April's stronger-than-expected real gross domestic product figures indicates a better transition to the second quarter with Q2 growth now tracking above an annualized pace of 2%, TD Economics wrote in a note.
"Zooming out, that leaves the first-quarter stumble looking more like a temporary soft patch than the start of a deeper downturn, broadly in line with the Bank of Canada's view that growth should resume in Q2 even if the economy remains in excess supply," said economist Marc Ercolao.
This reading should help deflate the recent "technical recession" narrative, Ercolao said.
Real GDP grew 0.5% in April, Statistics Canada said on Tuesday, following a 0.1% contraction in March. The consensus on Investing.com was for 0.4%. An advance estimate for May projected growth of 0.1%, StatsCan said.
Canada's economy never entered any "credible" definition of recession, but growth is rebounding in Q2, wrote Scotiabank's Derek Holt, head of capital markets economics.

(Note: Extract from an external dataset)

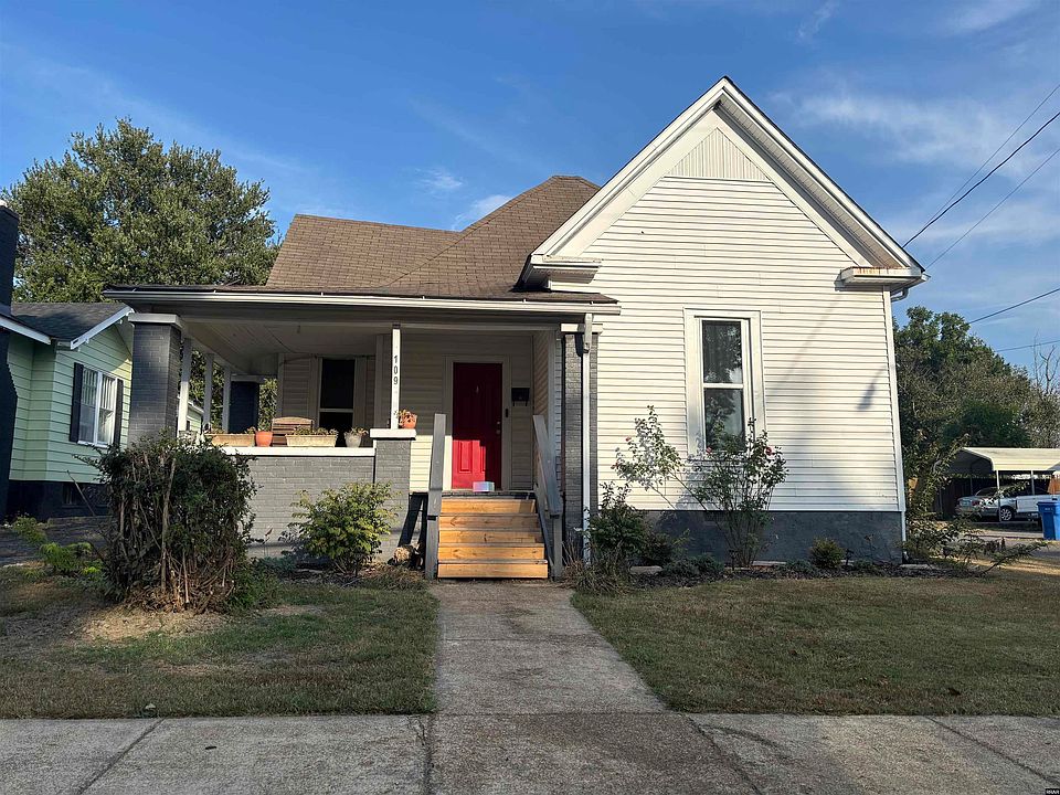 Step into this beautifully remodeled 2-bedroom, 1-bath older home showcasing an updated kitchen, dining room, and spacious living room. Nestled on an extra-large lot, it offers a sizable storage building, choice of rear or street parking, and tasteful finishes throughout. Move-in ready and decorated to impress. The large kitchen features stainless appliances which remain with the property. Nice front and rear back porches. Roof is one year old!

"This offers a nice set-up for the Bank of Canada's wholesale forecast reset in the July 15th MPR and following next week's BoC surveys that are likely to show higher inflation expectations," Holt said. The central bank will release its latest monetary policy report, or MPR, later this month.
Holt calculated that Q2 GDP is tracking a gain of 2.3% quarter-on-quarter on a seasonally adjusted annual rate and could even round up to 2.4%, the strongest growth since Q3 2025, using monthly production-side GDP accounts.
BMO's Douglas Porter said the rebound is "especially encouraging." Still, in a note Tuesday he said that "output is still up only a little more than 1% from a year ago, which is below potential and still more consistent with monetary policy biased to ease rather than to tighten."